I think that my previous emails haven't really capured the problem that I've
been encountering, so I'm including a full example to describe the situation.

I would like to extract this function, defined in Coq, to Haskell, and get a
reasonably efficient implementation:

> Function example (a b c:nat) : nat := a*b + c.

For the sake of the example, I'm going to start off by extracting to OCaml.
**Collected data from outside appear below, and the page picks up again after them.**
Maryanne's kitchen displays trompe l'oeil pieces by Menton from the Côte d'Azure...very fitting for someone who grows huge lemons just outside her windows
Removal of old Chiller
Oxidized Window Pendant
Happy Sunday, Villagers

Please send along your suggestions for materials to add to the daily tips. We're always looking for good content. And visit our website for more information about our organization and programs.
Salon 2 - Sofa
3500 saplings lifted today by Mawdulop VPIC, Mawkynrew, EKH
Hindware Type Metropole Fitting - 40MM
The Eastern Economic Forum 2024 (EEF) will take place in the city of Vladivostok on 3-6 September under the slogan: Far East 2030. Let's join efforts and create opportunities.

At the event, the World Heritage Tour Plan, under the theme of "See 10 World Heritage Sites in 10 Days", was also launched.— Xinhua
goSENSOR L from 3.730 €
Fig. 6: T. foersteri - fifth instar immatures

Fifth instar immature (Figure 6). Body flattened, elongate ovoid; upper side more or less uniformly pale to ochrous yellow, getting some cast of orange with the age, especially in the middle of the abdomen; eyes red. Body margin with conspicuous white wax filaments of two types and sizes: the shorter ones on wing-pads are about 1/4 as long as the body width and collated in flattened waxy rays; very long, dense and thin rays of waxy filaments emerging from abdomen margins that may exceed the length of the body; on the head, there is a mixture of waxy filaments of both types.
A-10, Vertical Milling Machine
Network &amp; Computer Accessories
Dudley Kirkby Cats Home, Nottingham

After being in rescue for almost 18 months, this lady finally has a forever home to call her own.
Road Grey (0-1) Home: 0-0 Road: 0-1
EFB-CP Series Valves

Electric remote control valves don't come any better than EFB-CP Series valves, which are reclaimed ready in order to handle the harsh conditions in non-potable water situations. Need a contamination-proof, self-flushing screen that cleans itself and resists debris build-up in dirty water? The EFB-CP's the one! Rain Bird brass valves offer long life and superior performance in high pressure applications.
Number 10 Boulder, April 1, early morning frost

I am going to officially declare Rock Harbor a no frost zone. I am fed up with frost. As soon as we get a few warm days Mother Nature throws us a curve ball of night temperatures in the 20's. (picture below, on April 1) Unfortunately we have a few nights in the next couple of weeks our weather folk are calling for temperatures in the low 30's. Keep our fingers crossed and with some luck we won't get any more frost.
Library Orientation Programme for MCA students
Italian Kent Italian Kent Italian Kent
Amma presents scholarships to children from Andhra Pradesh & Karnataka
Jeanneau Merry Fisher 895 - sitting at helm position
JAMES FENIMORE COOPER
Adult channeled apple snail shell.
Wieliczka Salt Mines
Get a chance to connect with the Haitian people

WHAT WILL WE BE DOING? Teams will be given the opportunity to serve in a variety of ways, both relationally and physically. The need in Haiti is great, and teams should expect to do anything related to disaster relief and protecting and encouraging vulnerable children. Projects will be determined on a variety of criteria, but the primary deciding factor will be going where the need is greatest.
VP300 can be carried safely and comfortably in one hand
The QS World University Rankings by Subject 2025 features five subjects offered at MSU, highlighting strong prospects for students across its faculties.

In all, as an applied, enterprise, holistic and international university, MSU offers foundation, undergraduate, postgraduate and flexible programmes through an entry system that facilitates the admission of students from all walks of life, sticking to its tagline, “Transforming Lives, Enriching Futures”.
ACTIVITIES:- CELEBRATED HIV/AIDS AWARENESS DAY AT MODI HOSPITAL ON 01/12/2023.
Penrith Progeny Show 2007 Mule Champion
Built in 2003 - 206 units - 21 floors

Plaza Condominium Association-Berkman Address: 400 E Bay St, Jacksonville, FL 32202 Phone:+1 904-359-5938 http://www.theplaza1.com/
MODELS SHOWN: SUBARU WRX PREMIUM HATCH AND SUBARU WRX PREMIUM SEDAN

> Extraction Language Ocaml.
> Recursive Extraction example.

This produces the following OCaml program:

> type nat =
>   | O
>   | S of nat
>
> (** val plus : nat -> nat -> nat **)
>
> let rec plus n m =
>   match n with
>     | O -> m
>     | S p -> S (plus p m)
>
> (** val mult : nat -> nat -> nat **)
>
> let rec mult n m =
>   match n with
>     | O -> O
>     | S p -> plus m (mult p m)
>
> (** val example : nat -> nat -> nat -> nat **)
>
> let example a b c =
>   plus (mult a b) c

I can make this version more efficient by importing the ExtrOcamlNatInt 
module.

> Require Import ExtrOcamlNatInt.
> Extraction Language Ocaml.
> Recursive Extraction example.

This produces the following program that uses the native implementations of
multiplication and addition:

> (** val plus : int -> int -> int **)
>
> let rec plus = (+)
>
> (** val mult : int -> int -> int **)
>
> let rec mult = ( * )
>
> (** val example : int -> int -> int -> int **)
>
> let example a b c =
>   plus (mult a b) c

All of this works as I would expect.  The problems show up when I attempt to
repeat this process for extraction to Haskell.  Repeating the first step, I 
can
extract the example function to Haskell, initially producing an inefficient
implementation:

> Extraction Language Haskell.
> Recursive Extraction example.

Produces this Haskell program:

> module Main where
>
> import qualified Prelude
>
> data Nat = 0
>          | S Nat
>
> plus :: Nat -> Nat -> Nat
> plus n m =
>   case n of
>     O -> m
>     S p -> S (plus p m)
>
> mult :: Nat -> Nat -> Nat
> mult n m =
>   case n of
>     O -> O
>     S p -> plus m (mult p m)
>
> example :: Nat -> Nat -> Nat -> Nat
> example a b c =
>   plus (mult a b) c

Adding Extract Constant for mult and plus should yield implementations of mult
and plus that look like:

> mult :: Prelude.Int -> Prelude.Int -> Prelude.Int
> mult  = (*)

I setup the extraction like this:

> Extract Constant mult => "(*)".
> Extract Constant plus => "(+)".
> Extract Inductive nat => "Prelude.Int" [ "0" "Prelude.succ" ]
>   "(\f0 fS n -> if n <= 0 then f0 () else fS (n-1))".
> Extraction Language Haskell.
> Recursive Extraction example.

But the result looks much the same as the first time; the only difference is
that the resulting program lacks the definition of Nat.

> module Main where
>
> import qualified Prelude
>
> plus :: Prelude.Int -> Prelude.Int -> Prelude.Int
> plus n m =
>   (\f0 fS n -> if n <= 0 then f0 () else fS (n-1))
>     (\_ -> m)
>     (\p -> Prelude.succ (plus p m))
>     n
>
> mult :: Prelude.Int -> Prelude.Int -> Prelude.Int
> mult n m =
>   (\f0 fS n -> if n <= 0 then f0 () else fS (n-1))
>     (\_ -> 0)
>     (\p -> plus m (mult p m))
>     n
>
> example :: Prelude.Int -> Prelude.Int -> Prelude.Int -> Prelude.Int
> example a b c =
>   plus (mult a b) c

So my main question is: how can I force the definitions of plus and mult to be
the ones that I supply with the Extract Constant command, producing Haskell
code that looks like the OCaml example?

Thanks,

--trevor